Newport v. Hedges

358 S.W.2d 441, 1962 Mo. App. LEXIS 703
CourtMissouri Court of Appeals
DecidedJune 5, 1962
Docket8084
StatusPublished
Cited by19 cases

This text of 358 S.W.2d 441 (Newport v. Hedges) is published on Counsel Stack Legal Research, covering Missouri Court of Appeals primary law. Counsel Stack provides free access to over 12 million legal documents including statutes, case law, regulations, and constitutions.

Bluebook
Newport v. Hedges, 358 S.W.2d 441, 1962 Mo. App. LEXIS 703 (Mo. Ct.

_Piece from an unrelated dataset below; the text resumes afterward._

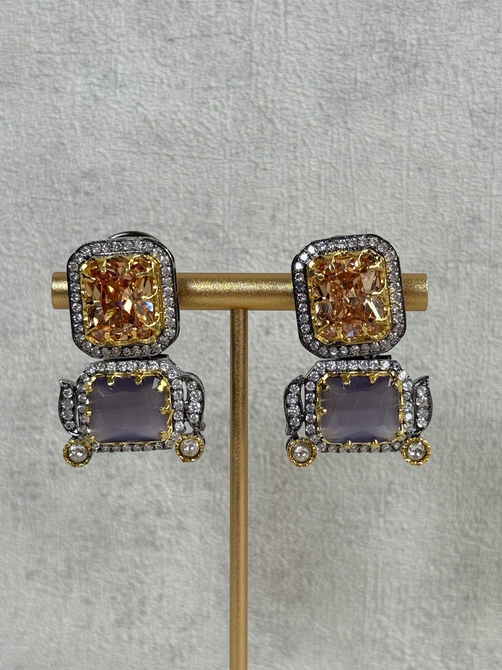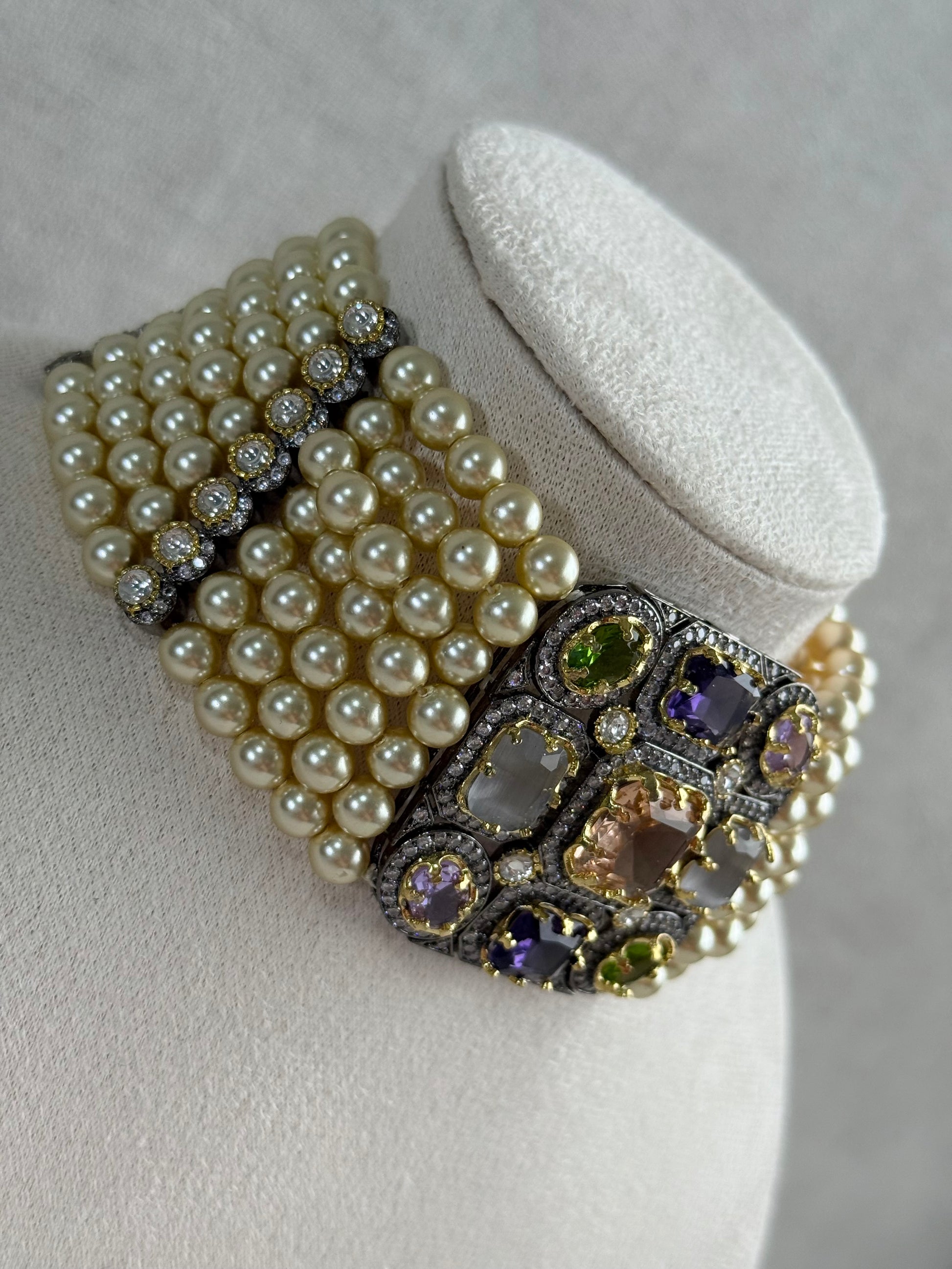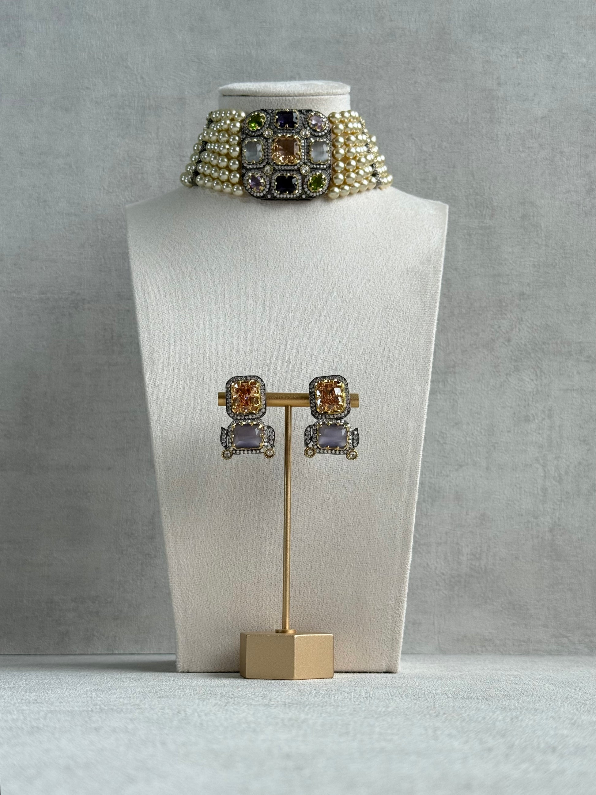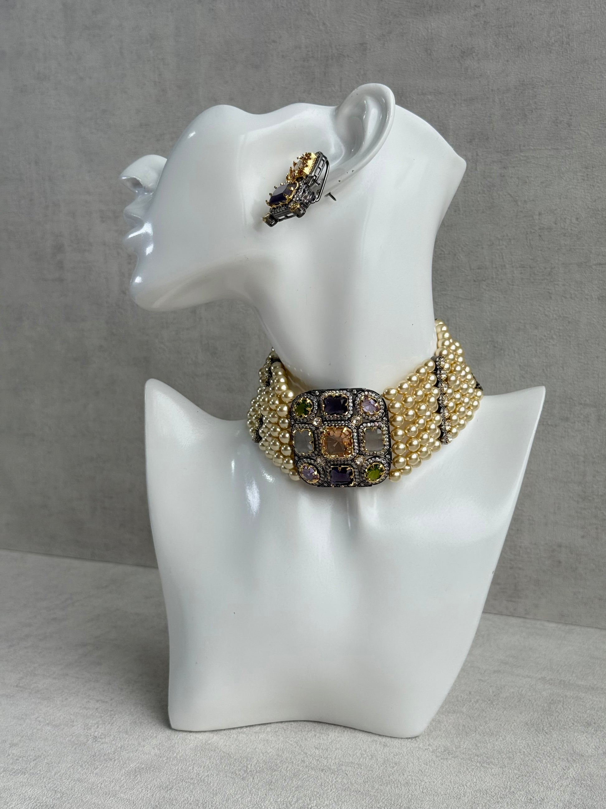 Multiple rows of layered pearls wrap around the neck, adding depth, texture, and a timeless regal feel. The matching stud earrings mirror the choker’s stone layout, ensuring a cohesive and polished finish when worn together.

App. 1962).

Opinion

RUARK, Presiding Judge.

This appeal involves the question as to whether a landowner’s property can be subjected to a lien for improvements constructed by the lien claimant under a contract with the lessee.

The lease was dated October 24, 1959. By it (the owners-defendants) Hedges leased to Lloyd and Mary Cramer an ir *443 regular-shaped vacant lot located on South Grant Avenue in Springfield, at a rental of $150 per month, to commence on or before January 1, 1960. The term of the lease was ten years with option for renewal for five years. The lessees were given an option to purchase the land at any time during the first seven years at a price of $18,500.

Under a paragraph entitled “Use of the Premises” the lease stated, “It is agreed that the premises are to be used by Lessee for the operation thereof of a Dog ’n Suds Drive-In restaurant building.”

Under “Building and Improvements” it was stated that “It is recognized that the premises hereby let and leased are at present a vacant lot, tract and parcel of land. The Parties hereto have discussed and agreed that a one-story building known as a ‘Dog ⅛ Suds’ Drive-In is to be erected by the Lessee herein, on this property, in accordance with plans and specifications to be approved by the land owner and in the event the above purchase option is not exercised, this Building shall revert to the owner of the land upon the expiration of the aforementioned ten (10) year primary lease or at the end of the above five (5) year lease option, if same is exercised. As stated before, said building is to be erected by Lessee, and solely at his cost.”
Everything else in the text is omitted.